Your task: In your copy, leave out the pictures and reproduce the listing below exactly.

______

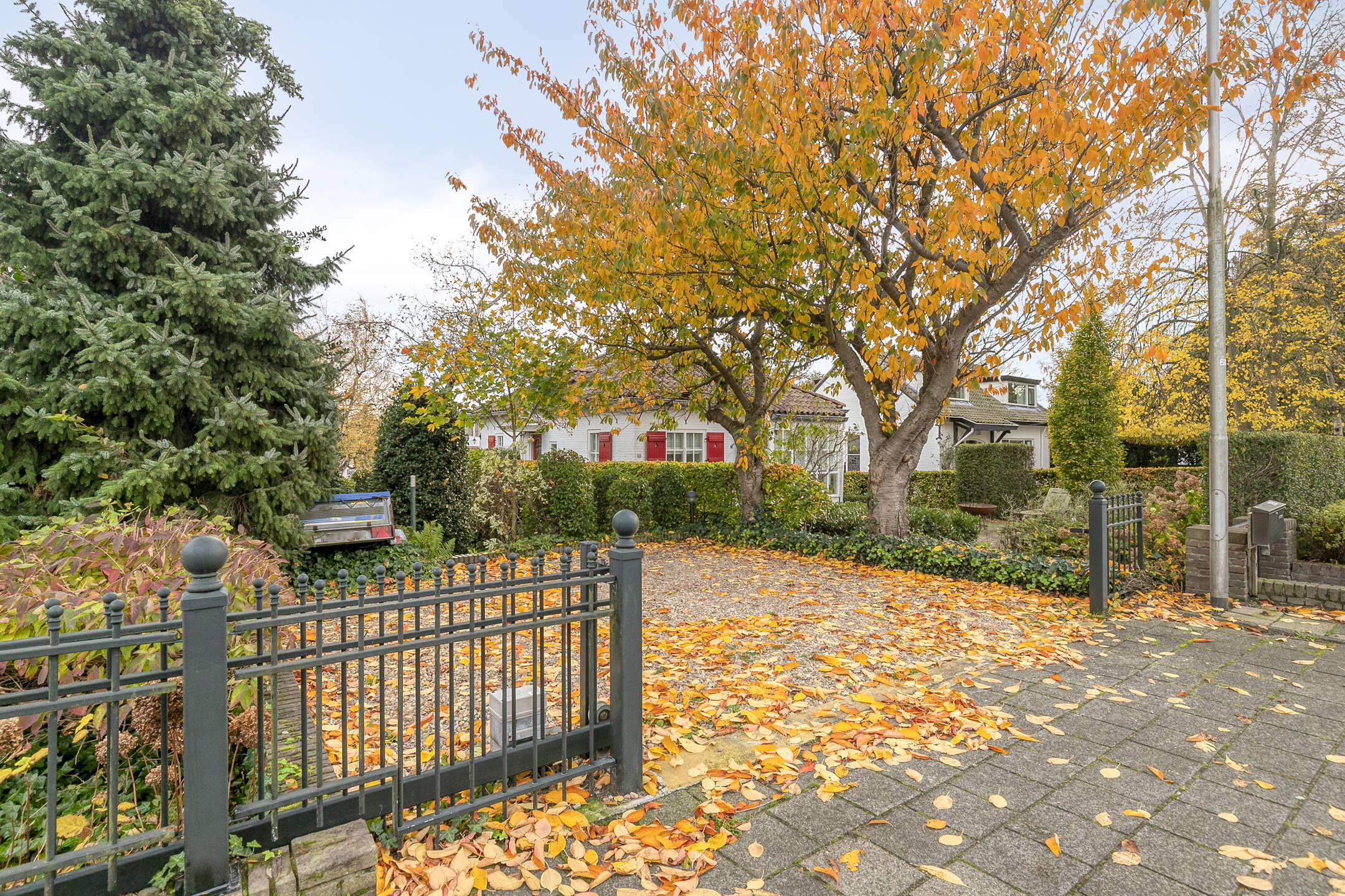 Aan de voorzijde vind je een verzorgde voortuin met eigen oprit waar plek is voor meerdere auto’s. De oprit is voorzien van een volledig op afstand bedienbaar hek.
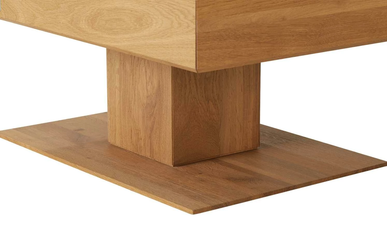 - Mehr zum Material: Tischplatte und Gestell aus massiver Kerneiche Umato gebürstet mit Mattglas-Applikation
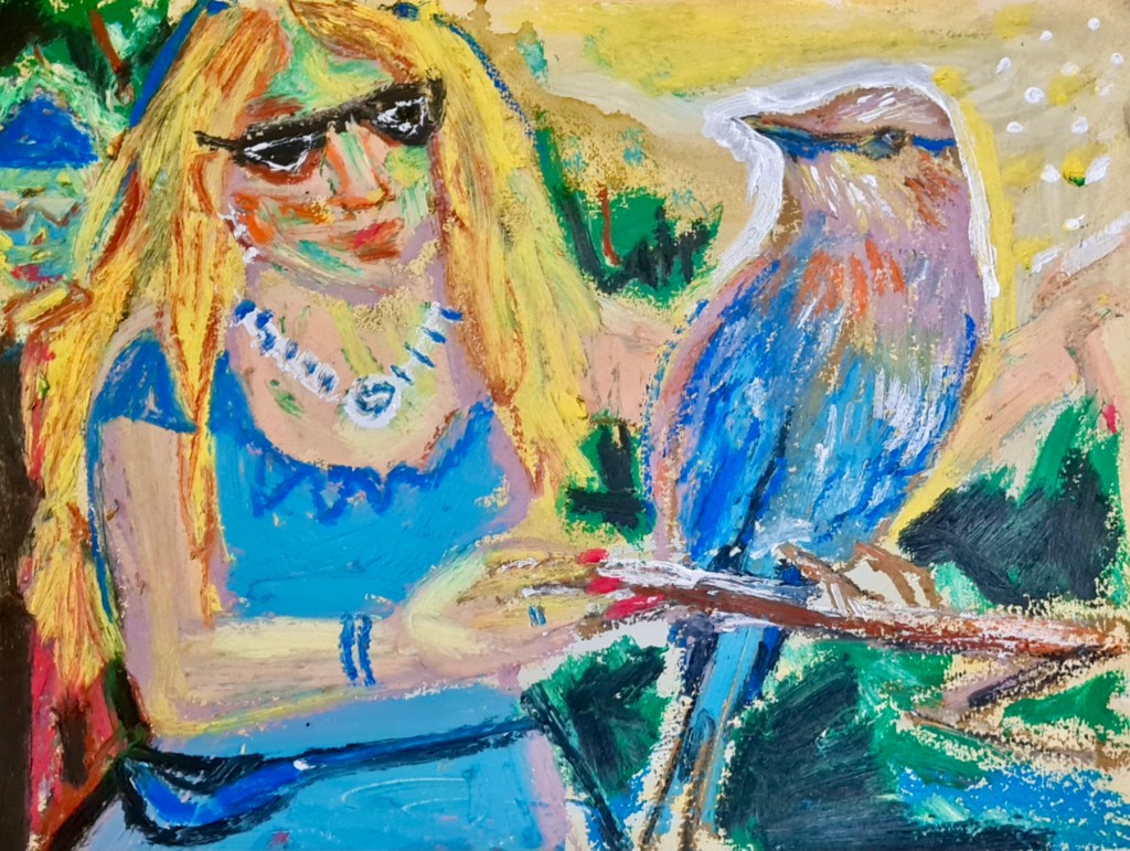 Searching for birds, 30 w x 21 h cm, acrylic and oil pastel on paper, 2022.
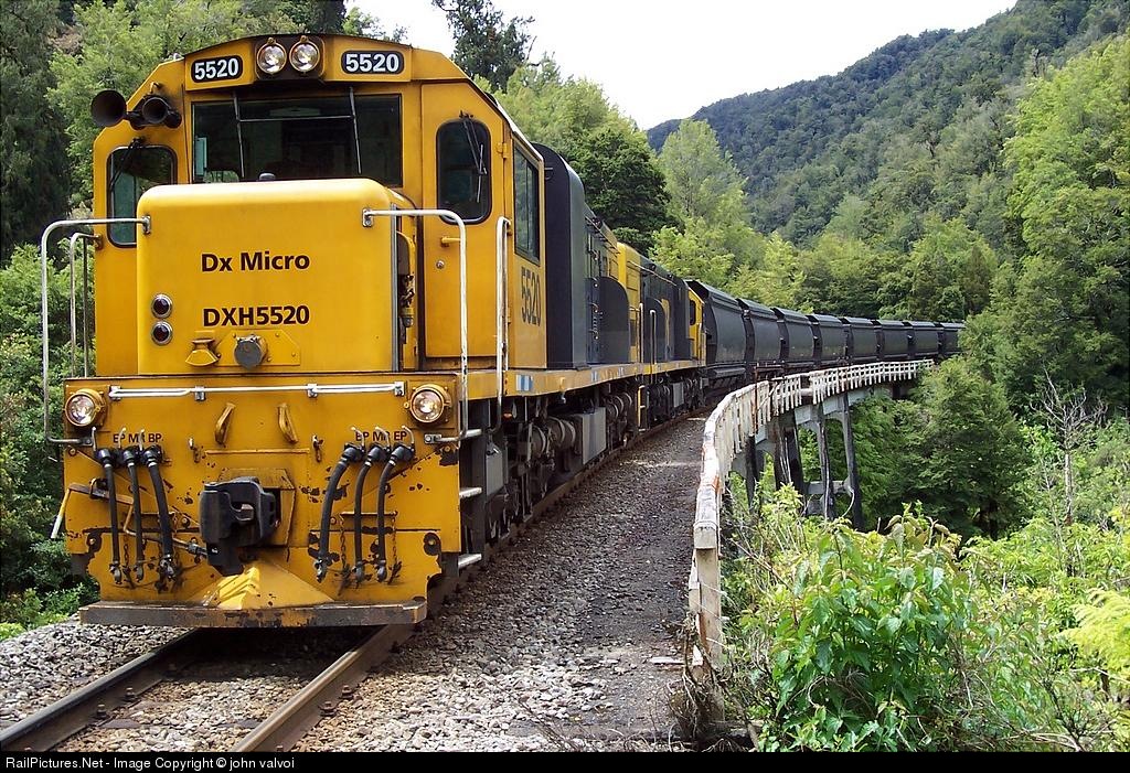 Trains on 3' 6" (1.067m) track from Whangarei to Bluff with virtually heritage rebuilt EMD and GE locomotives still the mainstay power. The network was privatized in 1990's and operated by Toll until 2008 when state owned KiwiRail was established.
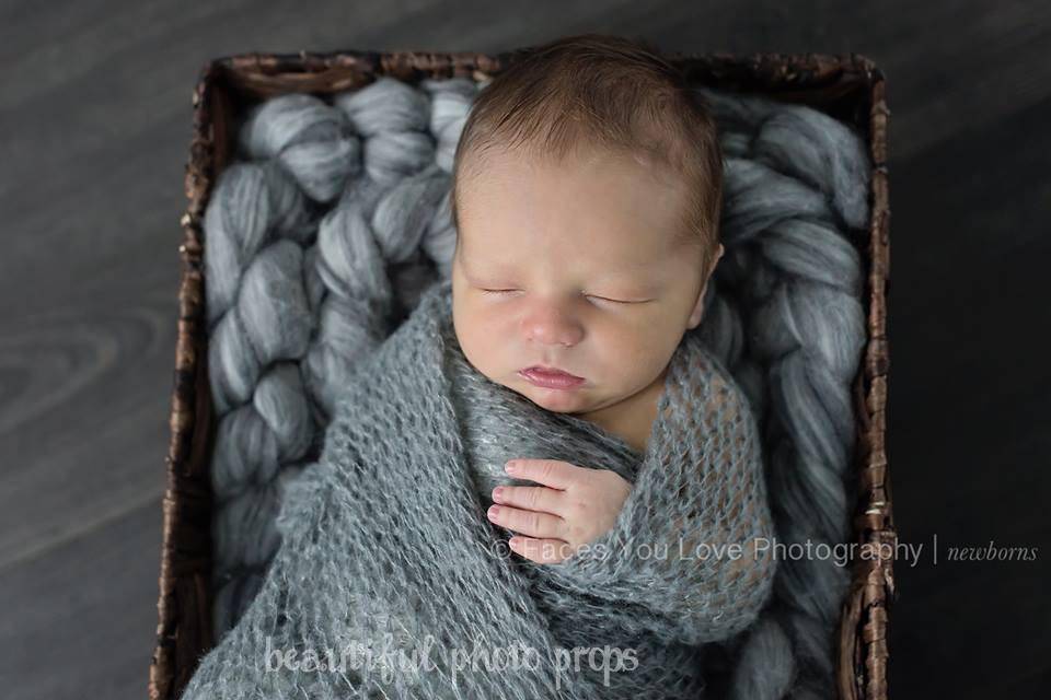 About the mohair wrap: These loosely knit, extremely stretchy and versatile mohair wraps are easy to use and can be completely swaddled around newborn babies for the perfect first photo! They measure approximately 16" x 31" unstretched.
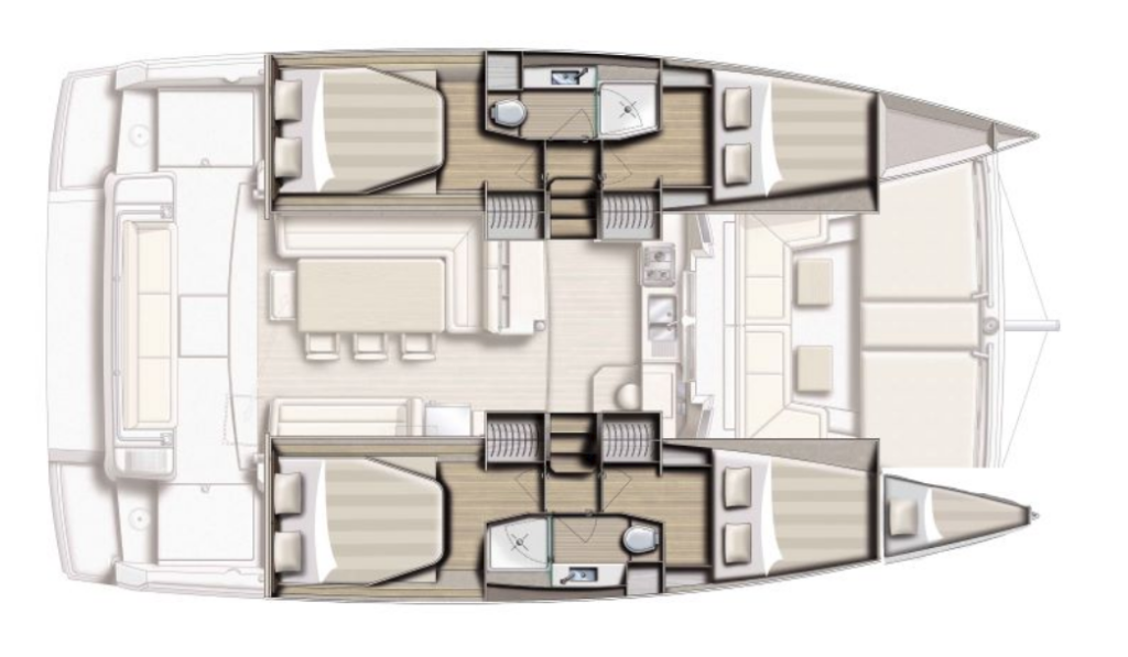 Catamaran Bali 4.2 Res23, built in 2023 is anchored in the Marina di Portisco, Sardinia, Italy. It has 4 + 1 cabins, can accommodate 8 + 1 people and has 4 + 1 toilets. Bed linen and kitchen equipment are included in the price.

______

Output of the task:
 Aan de voorzijde vind je een verzorgde voortuin met eigen oprit waar plek is voor meerdere auto’s. De oprit is voorzien van een volledig op afstand bedienbaar hek.
 - Mehr zum Material: Tischplatte und Gestell aus massiver Kerneiche Umato gebürstet mit Mattglas-Applikation
 Searching for birds, 30 w x 21 h cm, acrylic and oil pastel on paper, 2022.
 Trains on 3' 6" (1.067m) track from Whangarei to Bluff with virtually heritage rebuilt EMD and GE locomotives still the mainstay power. The network was privatized in 1990's and operated by Toll until 2008 when state owned KiwiRail was established.
 About the mohair wrap: These loosely knit, extremely stretchy and versatile mohair wraps are easy to use and can be completely swaddled around newborn babies for the perfect first photo! They measure approximately 16" x 31" unstretched.
 Catamaran Bali 4.2 Res23, built in 2023 is anchored in the Marina di Portisco, Sardinia, Italy. It has 4 + 1 cabins, can accommodate 8 + 1 people and has 4 + 1 toilets. Bed linen and kitchen equipment are included in the price.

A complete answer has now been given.